You can run them pretty much non-stop as long as they have proper ventilation. Mine runs from 6pm till close (around 11pm) every Halloween without a hitch. The plexi is open about 1/2 at the base of the electrodes and fully open at the top. Doesn't even really get very hot. 
http://img532.imageshack.us/my.php?image=1000013ka1.flv


----------



## Zombie-F

Brad Green said:


> You can run them pretty much non-stop as long as they have proper ventilation. Mine runs from 6pm till close (around 11pm) every Halloween without a hitch. The plexi is open about 1/2 at the base of the electrodes and fully open at the top. Doesn't even really get very hot.
> http://img532.imageshack.us/my.php?image=1000013ka1.flv


Hehe, I love "Joy to the World" at the very end.

Here's mine in action:


----------



## Draik41895

How do you go about successfully making one?


----------



## Hauntiholik

Draik41895 said:


> How do you go about successfully making one?


Nobody has posted a how-to on the forum yet. I would suggest searching google for a how to for now. There are quite a few out there.

http://members.tripod.com/~Shady_Hollow/Projects/jladder.html

http://hackaday.com/2008/12/30/jacobs-ladder/


----------



## Zombie-F

Haunti, do you have the parts to build the electrical portion of it yet? What kind of a transformer are you going to get for yours?


----------



## Hauntiholik

Nope, I don't have the transformer yet. I'm looking for a 15KV 30mA neon transformer but they are priced out of my budget on ebay right now. I haven't had any luck on craigslist searches either.


----------



## Draik41895

i heard that you could use the bottom portion of a CFL,true?


----------



## bradbaum

Contact your local bars and see if they have any broken neon signs, That is what I used to make mine.

Use steel coat hanger wires to form the jacobs ladder part.


----------



## Zombie-F

Hauntiholik said:


> Nope, I don't have the transformer yet. I'm looking for a 15KV 30mA neon transformer but they are priced out of my budget on ebay right now. I haven't had any luck on craigslist searches either.

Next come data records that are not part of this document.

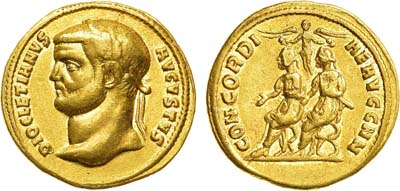 Золото. 6,4г. Кизик. Аверс: круговая легенда "DIOCLECTIANVS AVGVSTVS"; портрет императора в лавровом венке влево. Реверс: круговая легенда "COMCORDIAE AVGG NN"; изображение Диоклектиана и Максимиана с богиней Викторией над ними. Sear 12505, Calico 4429, C.38, Hunter iv,59. XF+.
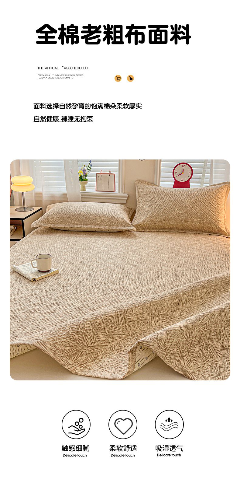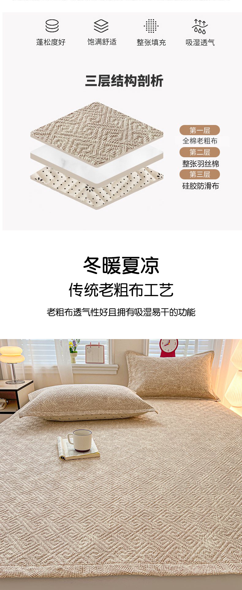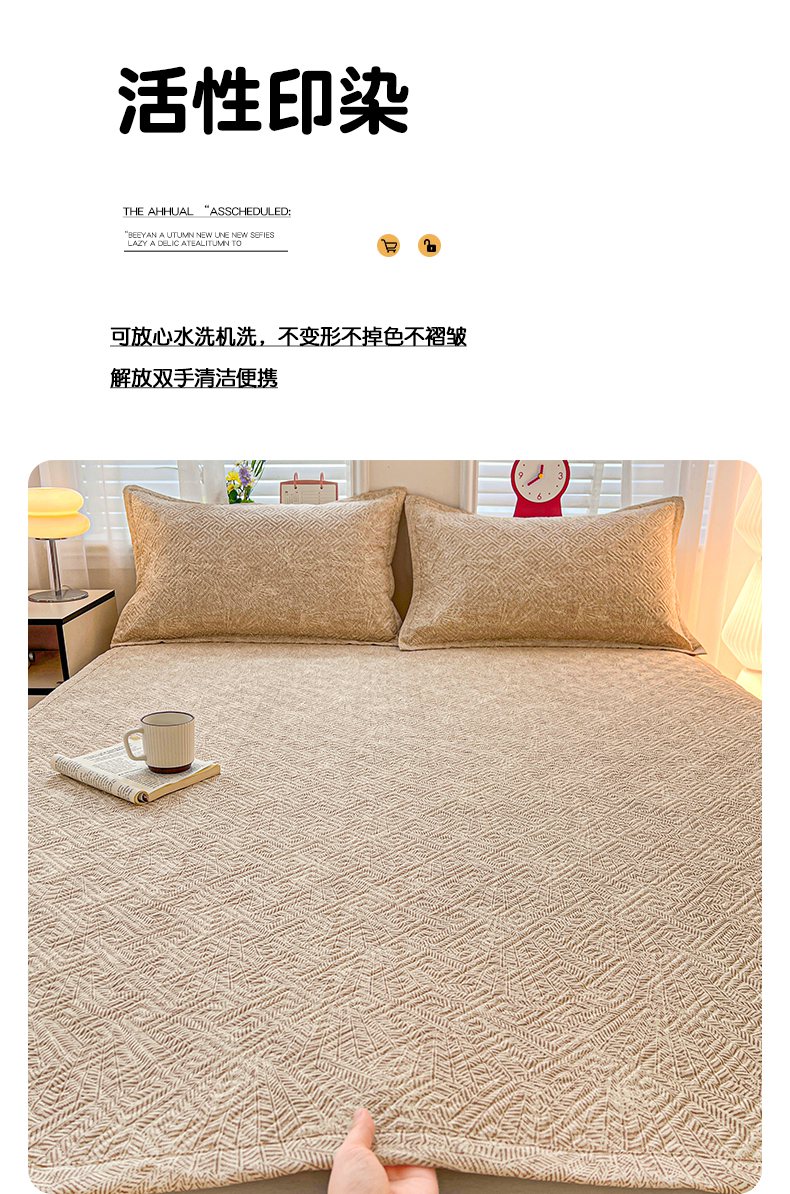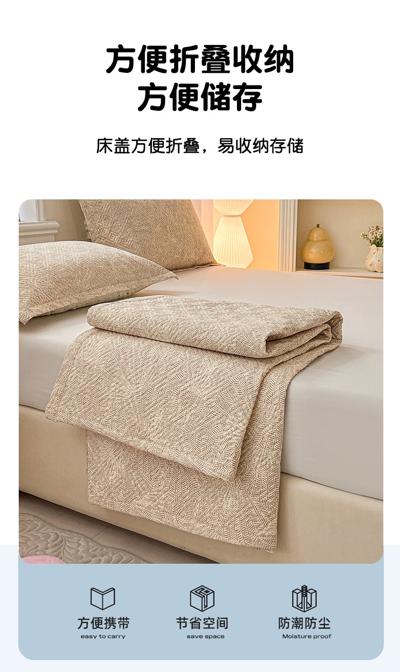 • 91家纺网 家纺一手货源 找家纺 忆生活家纺 2026新款A类全棉老粗布软凉席夹棉床盖可机洗 麦浪织纹
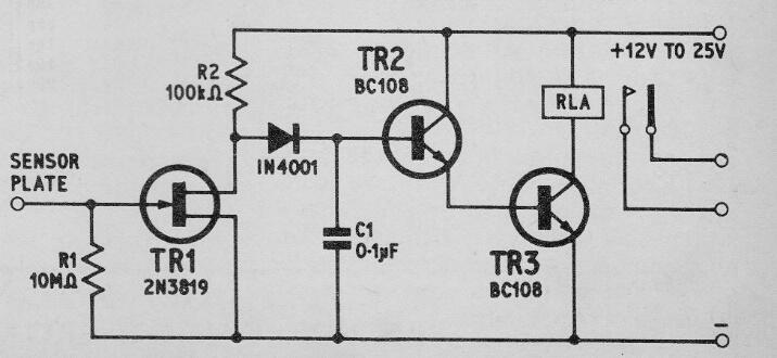 Este circuito es de una publicación de 1974, pero se puede ensamblar fácilmente utilizando componentes más modernos. Podemos usar BF245 para FET y BC548 para otros. La alimentación de 6 a 12 V debe realizarse de acuerdo con la tensión del relé utilizado. Nunca use una fuente sin un transformador para alimentar este circuito. El cable del sensor no debe ser demasiado largo.
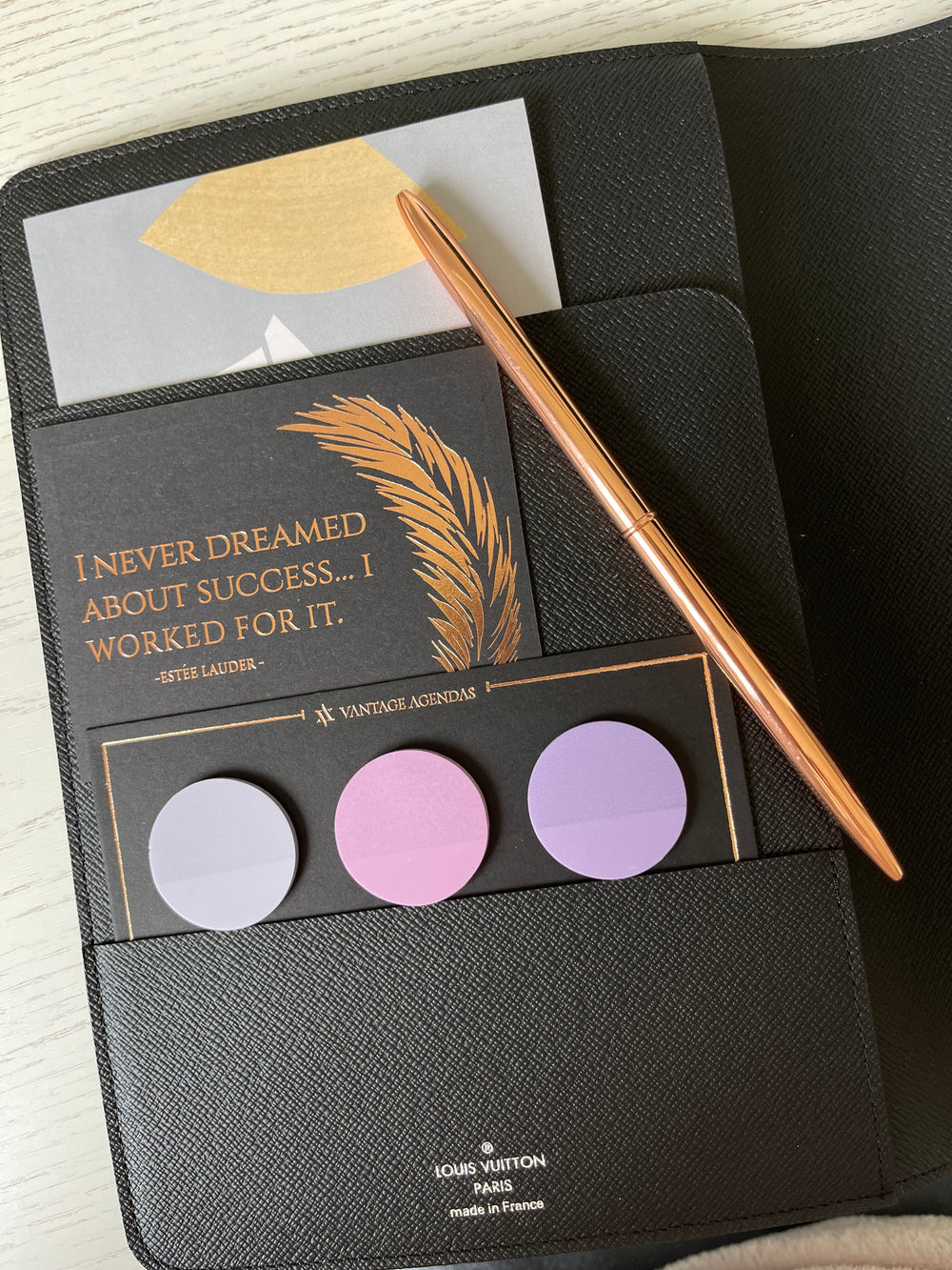 30 of each colour of transparent circle sticky note on our signature black backing card with rose gold foil detailing.
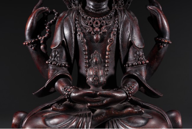 天然老沉香整雕,造像器型別緻,耳垂於肩,五官精緻,雙目有神,衣著自然,呈珈跌坐姿坐於蓮花台上,香味清香迷人,包漿渾厚,皮殼老辣,收藏供奉精品,恭請有緣人。
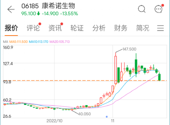 部分地区启动吸入式疫苗加强后,康希诺生物股价一度单日飙6成。但公司主动公告吸入式疫苗不会带来大幅业绩增长后,炒作资金大幅受挫。近期随着防控政策的优化,市场对于疫苗补强概念又有的新的认识。
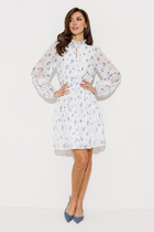 Платье отрезное по линии талии из плательной ткани. Изделие, прилегающее в области груди и свободное в области бедер. Глубокий V-образный вырез горловины плавно переходит в запах, фиксируется притачным поясом. Короткий рукав - крылышко.
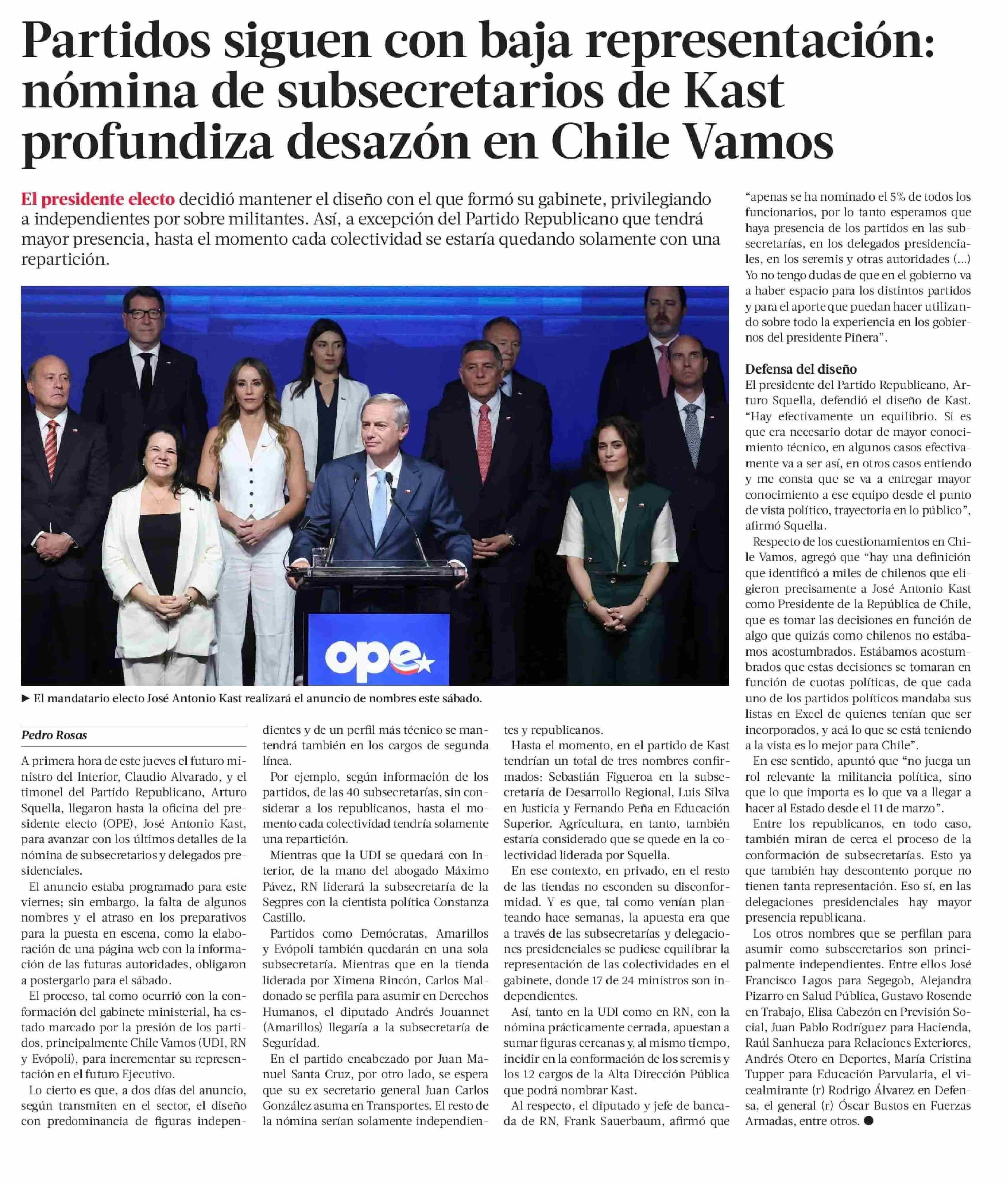 Título: Partidos siguen con baja representación: nómina de subsecretarios de Kast profundiza desazón en Chile Vamos
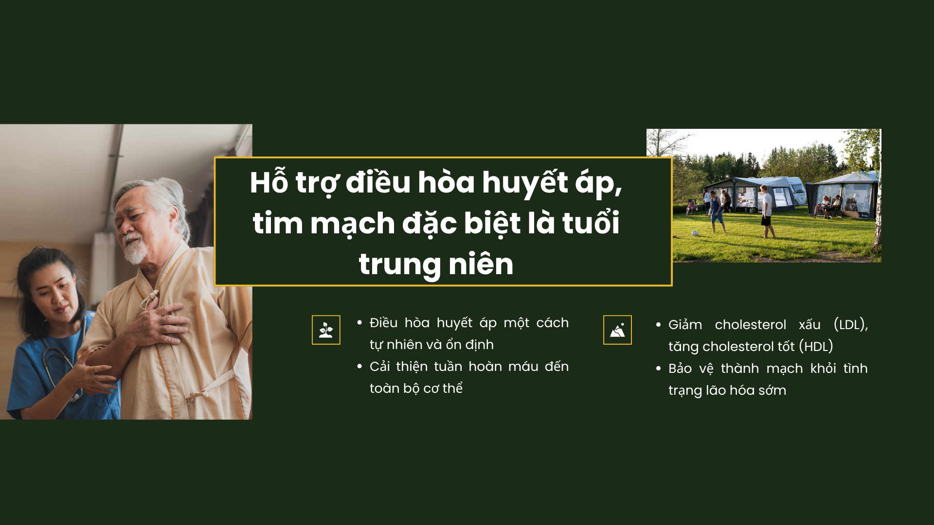 3. Hỗ trợ điều hòa huyết áp, tim mạch đặc biệt là tuổi trung niên

Ask at local bars and liquor stores if they have any old broken neon signs around. Odds are, you can snag one from one of those places either free or for real cheap. Usually, it's the glass that winds up broken on those and since you don't need the glass -- just the transformer -- it would suit your needs very well.


----------



## Hauntiholik

Thanks ZF. I hadn't thought of that!

I wonder if finding a non-GFI transformer will be problematic?


----------



## Hauntiholik

I was able to find some scrap 5" od clear plastic pipe yesterday!

ZF, did you have to use plastic spacers to hold the rods in place? I read that you were considering using polyetheretherketone. Did you use it?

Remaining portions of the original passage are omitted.